Your working is not exactly right, even before the point you got stuck.

You have replaced $\lceil n/2 \rceil$ and $\lfloor n/2 \rfloor$ by $n/2$, which is what you wanted to avoid, isn't it? (Otherwise we just use the recurrence $T(n) = 2T(n/2) + f(n)$).

We have the recurrence:

$T(n) = T(\lceil n/2 \rceil) + T(\lfloor n/2 \rfloor) + f(n)$

where $f(n) = \theta(n)$, i.e. there is some $C \gt 0$ such that $f(n) \le Cn$ for all $n$.

Suppose we want to show $T(n) = \mathcal{O}(n \log n)$.

(Note: the logarithm is to base $2$).

We try using strong induction.

Assume that $T(1) = 0$.

Suppose for all $k \lt n$, we have $T(k) \le D k\log k$, what $D$ is, we determine later.

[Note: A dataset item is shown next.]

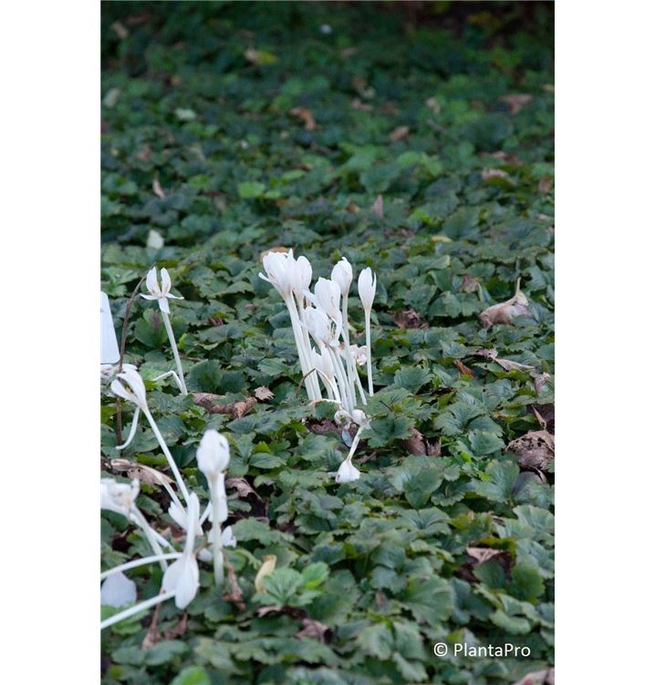 August - September wird die Garten-Herbst-Zeitlose 'Album' gepflanzt, dabei kommen die Zwiebeln bzw. Knollen etwa 8 cm bis 10 cm tief in die Erde.

Notice that $\lceil n/2 \rceil + \lfloor n/2 \rfloor = n$

There we have that

$T(n) \le Dn \log \lceil n/2 \rceil + f(n) \le Dn\log (\frac{n+1}{2}) + Cn$

Now $\log(n+1) \le \log n + \frac{1}{n}$ and so we get

$T(n) \le Dn\log n + D + Cn - Dn$

Now if we pick $D$ so that $Dn \gt Cn + D$ for all $n \gt 2$, we are done.

Picking $D \gt 2C$ will work and for this $D$, you can verify the base cases of $n=1,2$ easily.

Thus $T(n) = \mathcal{O}(n \log n)$.

Showing that $T(n) = \Omega(n\log n)$ might take more work.